Londra'da, Robert Milligan heykelinin bulunduğu alanın sahibi Canal ve River Vakfından yapılan açıklamada, heykelin "mümkün olan en kısa sürede" kaldırılması için ilgili taraflarla çalışıldığı duyuruldu.
Heykelin sökülmesi için imza kampanyası başlatan Tower Hamlets semti meclis üyesi Ehtasham Haque, heykelin varlığının insanlığa hakaret olduğunu belirterek, "Bir heykel, tarih eğitimini değil, o kişinin hayatını yüceltmeyi ve onurlandırmayı temsil eder" dedi.

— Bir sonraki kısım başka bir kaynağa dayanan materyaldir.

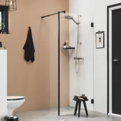 De volledig profielloze serie ‘I AM’ is met recht een transparante alleskunner. Naast diverse standaard maatvoeringen zijn talloze maatwerkoplossingen mogelijk. Zo kunnen we de breedte en hoogte aanpassen, maar bijvoorbeeld ook eventuele schuintes in de muren of het plafond opvangen. Deze Sealskin Inloopdouche I AM A1 88x30x200 cm Zwart bestaat uit een wand met een vast deel op 90 graden. Het is een bijzonder transparante inloopdouche die nét even wat meer water in de doucheruimte houdt. Wat deze douche écht bijzonder maakt, is de unieke matzwarte afwerking. Zo breng je een unieke sfeer in je badkamer. Het veiligheidsglas van maar liefst 8mm is altijd voorzien van een antikalk laag waardoor kalk en viezigheid zich minder snel hecht. I AM Inloopdouches van het type A1 zijn beschikbaar in 980, 1180 en 1380mm. Deze inloopdouche is tevens beschikbaar in een luxueuze zilver hoogglans afwerking en in een stoere RVS uitstraling.
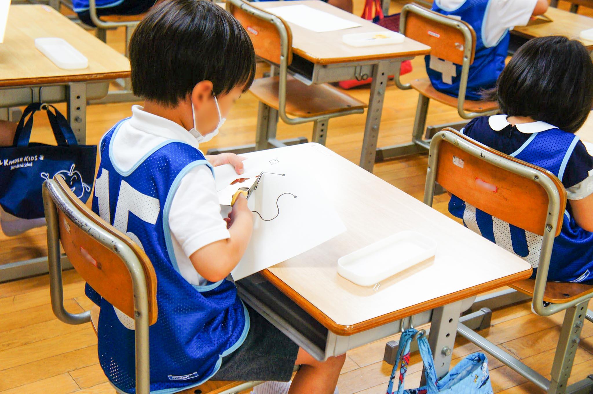はさみレッスンの時間では、はさみを使って直線や曲線、ジグザグ線、渦巻線に沿って切るレッスンをしました。「はさみを動かすのではなく、紙を動かして切ってね」の先生の言葉に、子どもたちはイラストが描かれた紙を回しながら上手に切り取っていきました。

"Son nefesini verene kadar asla durmadı"
Robert Milligan'ın köleliği ve insanlık dışı muameleleri temsil ettiğini vurgulayan Haque, "Her gün yapılan tecavüzler, hakaretler, iğrenç muameleleri düşünün. Bunlar (köleler) son nefesini verene kadar asla durmadı" dedi.
1895'te yapılan ve Londra Docklands Müzesi'nin dışında bulunan heykel, uzun süredir tartışma konusuydu. 1746'da doğan Milligan, servetini sadece köle ticaretinden değil, aynı zamanda Jamaika'da 500'den fazla kölenin çalıştırıldığı 2 şeker plantasyonundan da elde etmişti.
Edward Colston'un heykelini nehre atmışlardı
İngiltere'nin Bristol kentinde ırkçılık karşıtı gösteri düzenleyenler, 7 Haziran'da, 17'nci yüzyıl köle tacirlerinden Edward Colston'un heykelini devirerek nehre atmıştı.
Polis heykelin yıkılmasıyla ilgili soruşturma başlatırken, başkent Londra'daki eski Başbakan Winston Churchill'in heykeli de saldırıya uğramıştı. Churchill adının çizildiği heykelin kaidesine de "Bir ırkçıydı" ifadesi yazılmıştı.
"Hayvan gibi bir dine sahip, hayvan gibi bir halk"
Beyaz ırkın daha üstün olduğunu savunan Churchill, Hintliler için "Hayvan gibi bir dine sahip, hayvan gibi bir halk" demişti.
Winston Churchill, "gelişmemiş ırk" olarak tanımladığı Kürtler ve Afganlar için de "Gaz kullanımı hakkındaki bu alçakgönüllülüğü anlayamıyorum. Medeni olmayan kabilelere karşı zehirli gaz kullanmayı güçlü bir şekilde destekliyorum." ifadesini kullanmıştı.
1. Dünya Savaşı'nda Osmanlı askerlerine karşı da hardal gazı kullanılmasını isteyen Churchill'in, 1943 yılında Bengal'de 3-10 milyon arasında kişinin ölmesine neden olan kıtlıkta sorumluluğu bulunduğu da belirtiliyor.